행위

ORACLE 사용자 권한

DB CAFE

1 ORACLE 권한

1.1 사용자에게 부여된 시스템 권한 확인

SELECT * FROM DBA_SYS_PRIVS
WHERE GRANTEE = '사용자명' ;

1.2 사용자에게 부여된 롤 확인(시스템 권한이 롤에 포함됨)

SELECT * FROM DBA_ROLE_PRIVS
WHERE GRANTEE = '사용자명' ;

1.3 사용자에게 부여된 롤에 부여된 시스템 권한 확인

SELECT * FROM DBA_SYS_PRIVS
WHERE GRANTEE = '롤명' ;

1.4 타 사용자에게 부여한 객체(테이블등) 권한 확인

SELECT * FROM DBA_TAB_PRIVS
WHERE OWNER = '테이블소유자명' ;
-- 또는,
SELECT * FROM DBA_TAB_PRIVS
WHERE GRANTEE = '권한부여자명' ;

1.5 TABLESPACE 사용권한

ALTER USER XXX QUOTA UNLIMITED ON TS_XXX_D01;


DDL 권한 : 기본적으로 CREATE TABLE 권한(1, 2번 SQL로 확인 가능)이 있으면,

-자기가 생성한 테이블에 대해서는ALTER, DROP, TRUNCATE 가능
타 사용자에 대한 테이블 생성 권한은 DBA_SYS_PRIVS에서 확인 가능(CREATE ANY TABLE)||

DML 권한 : 본인 소유의 테이블은 모든 작업 수행 가능

타인 소유의 테이블에 대한 작업 수행은 4번 SQL로 확인 가능

DCL 권한 : 본인 소유의 테이블에 대한 타 사용자에게의 GRANT는 항상 가능

타인 소유의 테이블에 대한 타 사용자에게의 GRANT 권한은,
해당 테이블에 대한 권한을 DBA_TAB_PRIVS.GRANTABLE 컬럼에 YES 로 받은 경우 가능

GRANT ANY OBJECT PRIVILEGE 시스템 권한(1, 2번 SQL로 확인 가능)을 가지고 있는 경우 타 사용자의 모든 객체에 대한 권한 부여 가능(DBA도 해당 권한이 있음)

1.6 TRUNCATE 권한

제공하는 System Privilege 중 ‘TRUNCATE TABLE’ Privilege라는 것은 따로 존재하지 않으며, Table을 Truncate하기 위해서는 ‘DROP TABLE’ Privilege가 있으면 가능.

1.6.1 TRUNCATE 프로시져

CREATE OR REPLACE PROCEDURE XXX_DBA.SP_TRUNC (pTable IN VARCHAR2, reuse IN VARCHAR2 DEFAULT 'N')
IS
cmd	VARCHAR2 (4000) := 'truncate table XXX.' || pTable; BEGIN
IF UPPER (pTable) IN (TB_RC_XXX, 'TB_CM_XXX') -- Truncate이 허용되는 테이블 목록
THEN
CASE
WHEN reuse = 'N' THEN
-- DROP STORAGE
cmd := cmd || ' DROP STORAGE'; 
WHEN reuse = 'Y'
THEN
-- REUSE STORAGE
cmd := cmd || ' REUSE STORAGE'; 
END CASE;
-- DBMS_OUTPUT.put_line (cmd); EXECUTE IMMEDIATE cmd;
ELSE
RAISE_APPLICATION_ERROR (-20101, 'Requested Table is not allowed truncate operation.');
END IF;
END SP_TRUNC;
/
  • TRUNCATE 옵션
  1. DROP STORAGE (디폴트) : 결과 테이블에 할당 된 익스텐트 수를 MINEXTENTS의 원래 설정으로 줄입니다.
해제 된 익스텐트는 시스템으로 리턴되어 다른 오브젝트에서 사용할 수 있습니다.
  1. DROP ALL STORAGE는 세그먼트 삭제.
TRUNCATE TABLE 문 외에도 DROP ALL STORAGE는 ALTER TABLE TRUNCATE (SUB) PARTITION 문에도 적용됩니다.
이 옵션은 또한 절단중인 파티션과 연관된 종속 오브젝트 세그먼트를 삭제합니다.
DROP ALL STORAGE는 클러스터에서 지원되지 않습니다.
  1. REUSE STORAGE : 기존 공간을 줄이지 않고 유지토록함.

1.7 시스템 권한

Privilege Description
ADMIN

Enables a user to perform administrative tasks including checkpointing, backups, migration, and user creation and deletion.

ALTER ANY CACHE GROUP
Enables a user to alter any cache group in the database.
ALTER ANY INDEX
Enables a user to alter any index in the database.

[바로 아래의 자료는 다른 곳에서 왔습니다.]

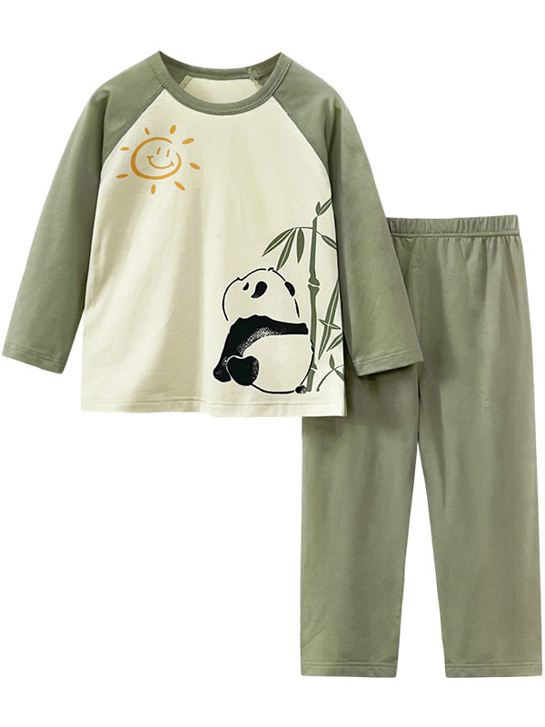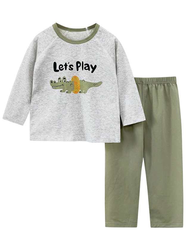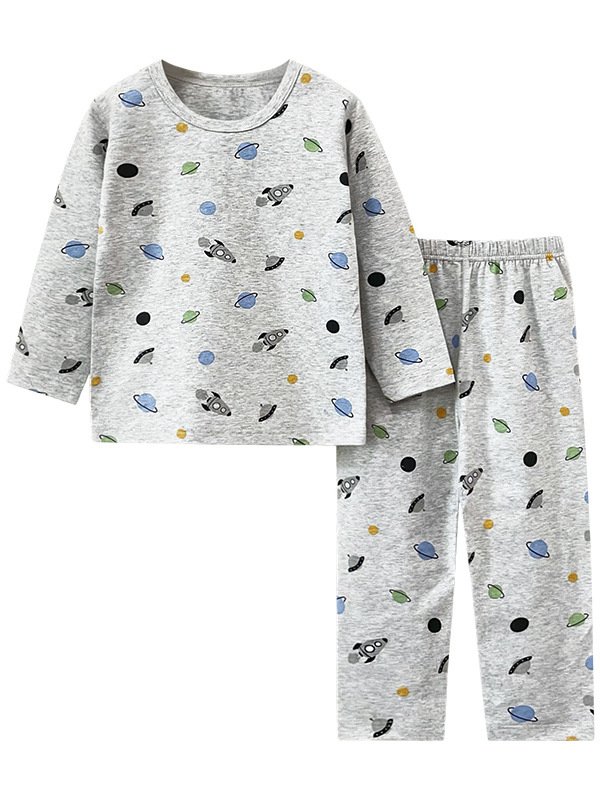 어린이 잠옷 소년 봄과 가을 새로운 순면 홈 옷 큰 어린이 여성 가을 옷과 바지 기본 속옷 세트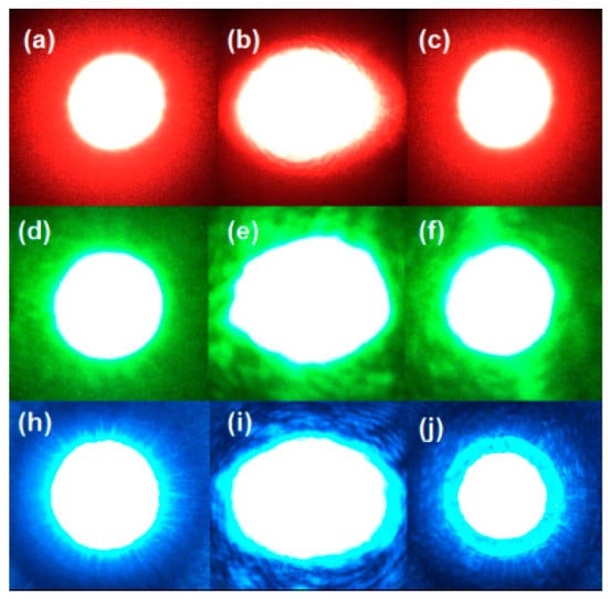 The incident spots of (a) 671nm, (d) 532nm, and (h) 488nm lasers; (b,e,i) transmitted spots of LN:Mo,Zn5.4 crystals under the action of different color lasers; (c,f,j) transmitted spots of LN:Mo,Zn7.2 crystal under the action of different color lasers.

Note: There is no ALTER INDEX statement.

ALTER ANY MATERIALIZED VIEW
Enables a user to alter any materialized view in the database.

Note: There is no ALTER MATERIALIZED VIEW statement.

ALTER ANY PROCEDURE
Enables a user to alter any PL/SQL procedure, function or package in the database.
ALTER ANY SEQUENCE
Enables a user to alter any sequence in the database.

Note: There is no ALTER SEQUENCE statement.

ALTER ANY TABLE
Enables a user to alter any table in the database.
ALTER ANY VIEW
Enables a user to alter any view in the database.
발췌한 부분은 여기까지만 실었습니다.